The brothel at 15 Portsea Place was discussed. Police visits are to take place in the evenings, and may lead to the owners of the building being contacted. The police stated that the legislation regarding prostitution is very old and it is difficult to carry out successful prosecutions. As such, brothels are more often dealt with as a welfare issue for the workers. It was pointed out that men visiting the area would sometimes approach teenage children girls in the area. It was reported that prostitution is also taking place in Sussex Place near Bathurst Mews, and solving the problem in one area may just move it elsewhere. A volunteer is required to organise a group to protest against the problem.

The introduction of the late night parking marshals after October’s meeting appears to have very successful. A lot of parking tickets have been issued around Connaught Square, Norfolk Crescent and Portsea Place. In October, 180 tickets were issued in Connaught Square alone. The feedback from meeting attendees was that whilst it does not solve the problem of drug dealers waiting in cars, it does seem to have had some effect of quietening the area and making it feel less edgy. It was requested that Albion Street is also included on the areas to be visited, especially with the advent of Winter Wonderland which can make the problem worse. Residents are encouraged to also report any incorrectly parked cars to the council, who will normally visit quickly.

A new issue was raised regarding the businesses located on the west side of Edgware Road, where it was felt by meeting attendees that the businesses could be much improved with a longer-term outlook. Action that can be taken by the Church Commissioners is currently limited as many properties have been let on long-term leases with little control. The council’s powers are limited but they enforce where possible, such as recently happened with the old Maroush properties.

This led to a discussion about the Hyde Park Paddington Neighbourhood Forum, which has the potential to influence the types of businesses through the creation of a local plan. The next meeting is taking place on 12th December and residents are encouraged to join the Forum and attend the meeting. The Forum also nominates projects for funding, such as the planters and seating that were recently installed on Burwood Place.

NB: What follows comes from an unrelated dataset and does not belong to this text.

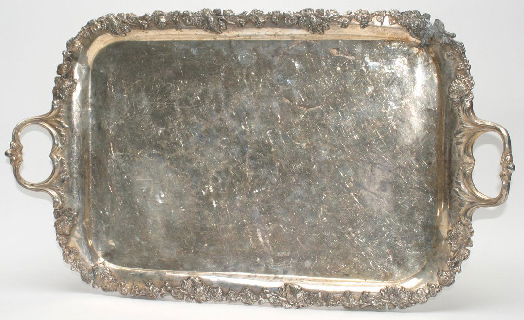 A CHINESE EXPORT SILVER 'CHRYSANTHEMUM' TRAY, MARK OF LUEN WO, SHANGHAI, CIRCA 1880-1925Mar 11, 2026Vintage Silver Plated Serving TrayLarge Vintage Silver Plated TraySilverplated Serving Tray by W & S Blackinton865 Lots AwayTiffany & Co. Silver Plate Handled Serving TrayFeb 26, 2026VINERS OF SHEFFIELD CHASED SILVER PLATE ON COPPER GALLERY TRAY5 days LeftGeorge II Sterling Silver Small SalverFeb 24, 2026Silverplated Gallery Footed Tray517 Lots AwayLARGE WILCOX SILVER PLATED SERVING TRAY PLATTERMar 07, 2026Silver Chiseled Octagonal Tray with Farming Scene Patterns6 days LeftGEORG ROTH & CO. .800 SILVER OVAL TRAY, C. 19006 days LeftGorham Sterling Silver Cinderella Flatware Plate Tray A20264Mar 04, 2026Dominick & Haff Sterling Silver TrayMar 07, 2026London 1738 by John Robertson II A George II sterling silver waiter2 days Left2 Silver Trays & Continental Silver TrayFeb 24, 2026A FRENCH SILVER PLATE TWIN HANDLED TRAY18 hrs Left

Concerns were raised about lettings being given by the Church Commissioners to kebab shops and similar, which cause a lot of unpleasant smells in the area making it impossible to open house windows in the summer.

Concerns were raised about issues on Albion Street that had been reported to the Council on a weekly basis but were still problematic: dog mess not being cleared away by dog owners, and rubbish dumping. Cllr Chowdhury will write to the council on the issue.

The issue of noise pollution from vehicles and people was raised including speeding vehicles. It was suggested that signage might be installed stating that the area is a quiet residential area. The police can potentially issue speeding tickets, but it is a different department, not our ward police. Speed cameras may be considered by the council in the future, which are currently being trialled in Wandsworth for 20mph enforcement. Suggestions were raised as to where they could go, which produced a list including Hyde Park Crescent, Bayswater Road and Connaught Street.

A question was raised as to what happened to the low traffic neighbourhood proposals and whether they would be revisited. Cllr Dimoldenberg stated that they had split the community and therefore they would not be revisited. A variety of comments from attendees followed, including that the communication of the previous proposals had been poor and had taken place at the wrong time (during Covid), and that some adjustments had been needed. It was also observed that proposals of any nature would never get full approval. The possibility of a separate meeting to discuss alternatives was mooted, and a show of hands of attendees showed a clear majority in support of this. A zebra crossing was requested for the east end of Connaught Street.